§ Data block:
--- START ---
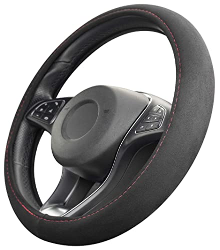 Upgrade4cars Couvre Volant Voiture Rouge Alcantara Look | Accessoires Auto Interieur | Taille Universel 37-39 cm | Cadeaux pour Femmes et Hommes | Decoration pour l'été et l'hiver
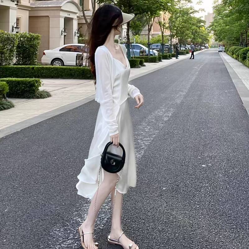 夏季新款法式温柔风套装白色开衫荷叶边吊带连衣裙子两件套装
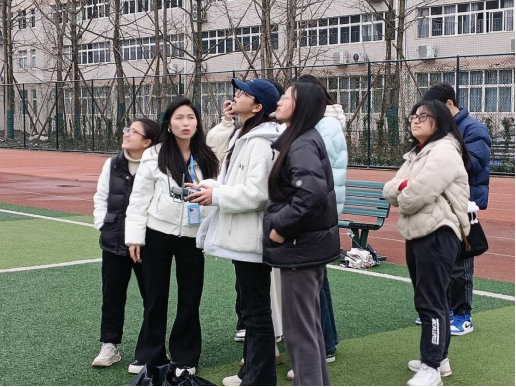 理论课程结束后,唐磊老师带领同学们进入实践环节。他首先展示了无人机拍摄的二维正射影像和三维实景模型,随后与同行的两位老师一同在操场进行飞行演示,并指导感兴趣的同学体验无人机操作。现场气氛热烈,同学们踊跃围观,积极提问,三位老师共同指导,现场答疑。活动结束后,2024级建筑学专业的同学感慨:"这次实践让我直观感受到了科技的魅力,没想到无人机技术已经如此深入地应用于我们的日常生活。"
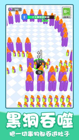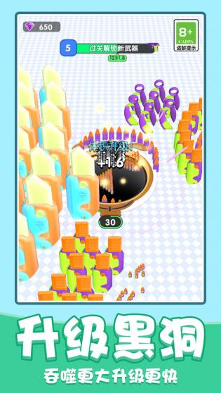 2、游戏设有完善的属性升级系统,玩家可以通过积累资源来进一步提升黑洞的各项能力和强度,从而更好地应对后期关卡中越来越复杂的挑战。升级路线多样,玩家可以根据自己的游戏风格进行选择。
--- END ---
§ Task instructions: Pictures stay out of this copy. Retype exactly the lines from the one with "夏季新款法式温柔风套装白色开衫荷叶边吊带连衣裙子两件套装" through the last line of the data, both ends included, and nothing more.

§ Result:
 夏季新款法式温柔风套装白色开衫荷叶边吊带连衣裙子两件套装
 理论课程结束后,唐磊老师带领同学们进入实践环节。他首先展示了无人机拍摄的二维正射影像和三维实景模型,随后与同行的两位老师一同在操场进行飞行演示,并指导感兴趣的同学体验无人机操作。现场气氛热烈,同学们踊跃围观,积极提问,三位老师共同指导,现场答疑。活动结束后,2024级建筑学专业的同学感慨:"这次实践让我直观感受到了科技的魅力,没想到无人机技术已经如此深入地应用于我们的日常生活。"
 2、游戏设有完善的属性升级系统,玩家可以通过积累资源来进一步提升黑洞的各项能力和强度,从而更好地应对后期关卡中越来越复杂的挑战。升级路线多样,玩家可以根据自己的游戏风格进行选择。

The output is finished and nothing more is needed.